For a president and Congress trying to safeguard a nation convulsed by crisis, erring on the side of caution would be reckless.
The $1.9 trillion plan put forth by President Joe Biden and Democrats in Congress isn’t perfect. It sends too much money to families and individuals who don’t desperately need it. It creates a legitimate fear of an overheated economy and runaway inflation. It’s also not yet clear that the money will be divvied up in a way that puts the help where it belongs, a particular concern after an earlier stimulus plan shortchanged New York and gave $133 million Nassau County desperately needed to the Town of Hempstead instead.
But Biden’s plan can give the nation the resources it needs to finally contain COVID-19. It can provide the support struggling households and businesses must have to survive now and thrive later. And it can signal that the United States once again has both the ability and the will to confront crises.
In contrast, the $618 billion plan put forward by Republicans to fight our way through COVID-19 errs on the side of caution repeatedly, most notably by ignoring the desperation of states and municipalities suffering for lack of federal aid.
And if Republicans are right to say so much spending won’t be needed, much of what Biden’s plan makes available won’t be spent. If the job market and consumer spending overperform and food insecurity and unemployment fade away, that $1.9 trillion price tag will shrink.
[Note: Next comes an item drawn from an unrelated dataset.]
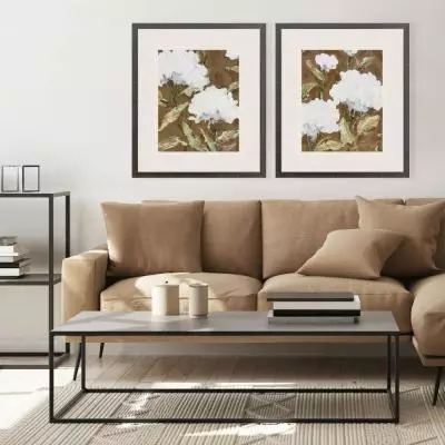 Gorgeous flower blossoms dramatically contrast with a milk chocolate background. Neutrally matted and framed in a dark espresso wood finish moulding.

Biden’s plan can most easily be analyzed and compared to the GOP’s by dividing the money into four pots:
The first pot, totaling $750 billion, includes $170 billion for schools and colleges to help them reopen, operate safely and facilitate remote learning, including $6 billion to New York. The GOP plan has only a paltry $20 billion for these paramount priorities.
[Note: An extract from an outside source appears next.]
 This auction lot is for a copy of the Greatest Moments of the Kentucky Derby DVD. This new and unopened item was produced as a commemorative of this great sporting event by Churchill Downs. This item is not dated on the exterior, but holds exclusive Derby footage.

That pot also includes $350 billion in aid to state and local governments, without which many government workers would be unemployed and communities would be underserved. It also provides $30 billion for the nation’s major transit systems, including at least another $4 billion expected for the Metropolitan Transportation Authority. New York, and Long Island in particular, must have this aid. Any negotiations that reduce the total bill cannot be allowed to slash our region’s aid. And it’s critical that the formulas for distributing this aid assure all schools and local governments their share.
It’s the lack of school, state and local aid in the plan proposed by Republicans that undermines their claim that it is a good-faith start to negotiations.
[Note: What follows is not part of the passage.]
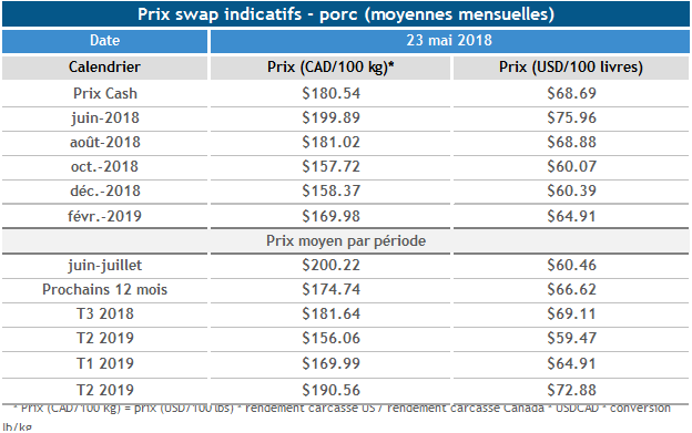 Prix swap indicatifs vendeurs à l’ouverture des marchés - porc (moyennes mensuelles)

The second pot in Biden’s plan, $600 billion, includes proposed $1,400 checks to most Americans, along with a child tax credit increase. The tax credit increase is good policy, and is not in the GOP plan. But the checks are a clear area where the GOP vision, which begins to phase out family eligibility at $80,000 a year rather than Biden’s $150,000, is better targeted, and the Republican reduction of the grants from $1,400 to $1,000, when so many recipients have suffered no economic loss, is reasonable.
The third pot, of $400 billion, is aid to financially vulnerable households, and Biden’s plan clearly outshines the GOP’s. Biden’s plan extends enhanced unemployment benefits until September at $400 a week, while the GOP’s only runs until June, at $300 a week. If fewer workers than expected need this help after June because employment will have bounced back more quickly than expected, it won’t be paid. But if the job market still lags, the help ought to be available. And the risk created by the GOP plan to pay $100 less per week in benefits to the unemployed isn’t worth the savings it generates.
Last month, the economy gained just 49,000 new jobs. The employment recovery is faltering; the unemployed must be helped.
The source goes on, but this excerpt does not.